The journey from a university lab to a globally available test was completed through technology transfer. The Research Foundation for SUNY licensed the technology for the Folate Receptor Antibody Test (FRAT^®) to Religen Inc, who has since validated the test in their CLIA-certified labs, trademarked it FRAT^®, and made available to the public in 2016. FRAT^® is available to physicians and their patients worldwide, helping to identify individuals who may benefit from folinic acid therapy. The test remains the only assay available that can screen for both blocking and binding folate receptor autoantibodies. This is a critical aspect of the test. Although FRAT^® may sound like one test, it has, in fact, two distinct components. It detects the presence of blocking autoantibodies to the folate receptor alpha and also detects the presence of binding autoantibodies to the folate receptor.

There is no other commercially available assay that screens for both types of autoantibodies.
Understanding why FRAT^® is important

Folate—commonly known as vitamin B9—has long been celebrated for its critical role in preventing neural tube defects during pregnancy. But what happens when the body’s own immune system interferes with this essential nutrient’s delivery? As we have seen, research reveals that autoantibodies targeting the folate receptor alpha (FRα) may explain a range of developmental disorders, from pregnancy complications to autism spectrum disorders (ASD).

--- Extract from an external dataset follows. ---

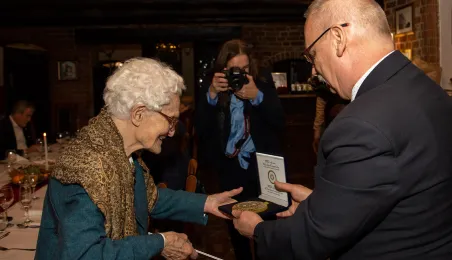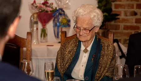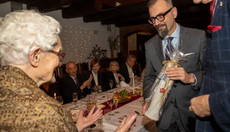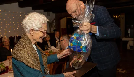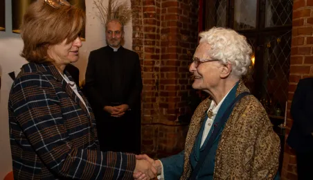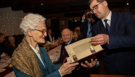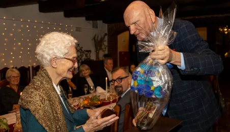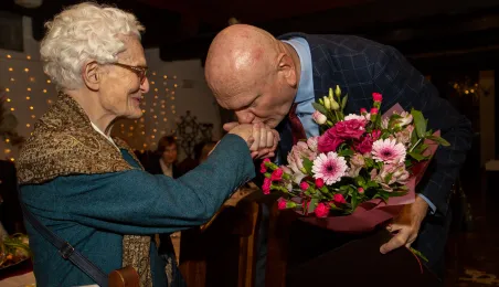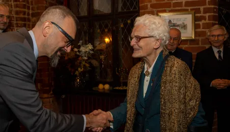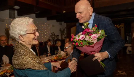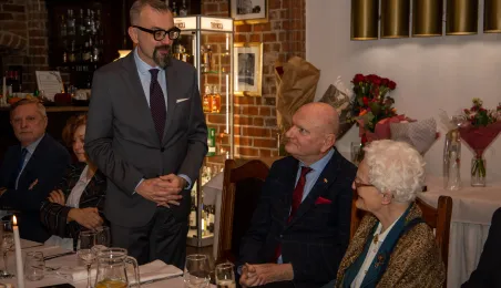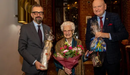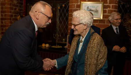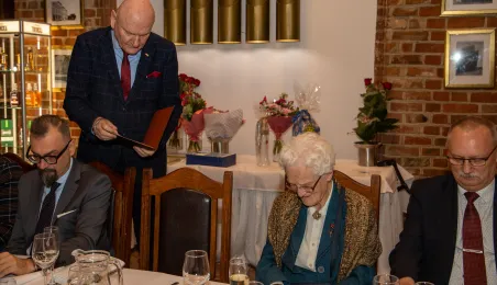 Doktor Cecylia Iwaniszewska, astronomka i działaczka społeczna, skończyła 95 lat. Życzenia dostojnej jubilatce złożyli m.in. prezydent Michał Zaleski i przewodniczący Rady Miasta Marcin Czyżniewski. Fot. Agnieszka Bielecka

The FRAT^® test offers a powerful tool for early detection and intervention.

Folate receptor autoantibodies are immune system proteins that mistakenly attack the body’s own folate receptors—the “gateways” that allow folate to enter cells. These receptors are particularly abundant in reproductive tissues and play a vital role in delivering folate to developing embryos and the brain.

Two types of antibodies have been identified:

• Blocking antibodies: These physically prevent folate from binding to its receptor, disrupting nutrient transport
• Binding antibodies: These attach to the receptor and may trigger inflammatory responses that damage the receptor

Both immunoglobulin G (IgG) and immunoglobulin M (IgM) antibodies have been detected, with specific IgG subtypes varying by condition. Women with neural tube defect (NTD) pregnancies predominantly show IgG1 and IgG2 isotypes, while children with cerebral folate deficiency (CFD) syndrome typically exhibit IgG1 and IgG4 isotypes.

The FRα autoantibody test uses sophisticated methods to detect these antibodies in serum samples. As mentioned before, two complementary assays are employed.

The FRAT^® test offers several critical advantages:

Early Detection: Before symptoms appear, identifying at-risk women and children enables preventive intervention

Personalized Treatment: Confirms which patients may benefit from high-dose folinic acid therapy rather than standard folate supplementation

Monitoring Response: Tracks antibody levels over time to assess dietary interventions (like dairy elimination) and treatment efficacy

Family Screening: Given the familial association in ASD, testing parents and siblings may identify additional at-risk individuals

The discovery of folate receptor autoantibodies has transformed our understanding of folate-related disorders beyond simple nutritional deficiency. By identifying an autoimmune mechanism that disrupts folate transport to the brain and developing fetus, researchers have opened new diagnostic and therapeutic possibilities. The FRAT^® test, the only assay in the world that screens for blocking and binding autoantibodies, provides a simple blood-based method to identify individuals who may benefit from targeted interventions—potentially preventing or reversing devastating neurodevelopmental consequences.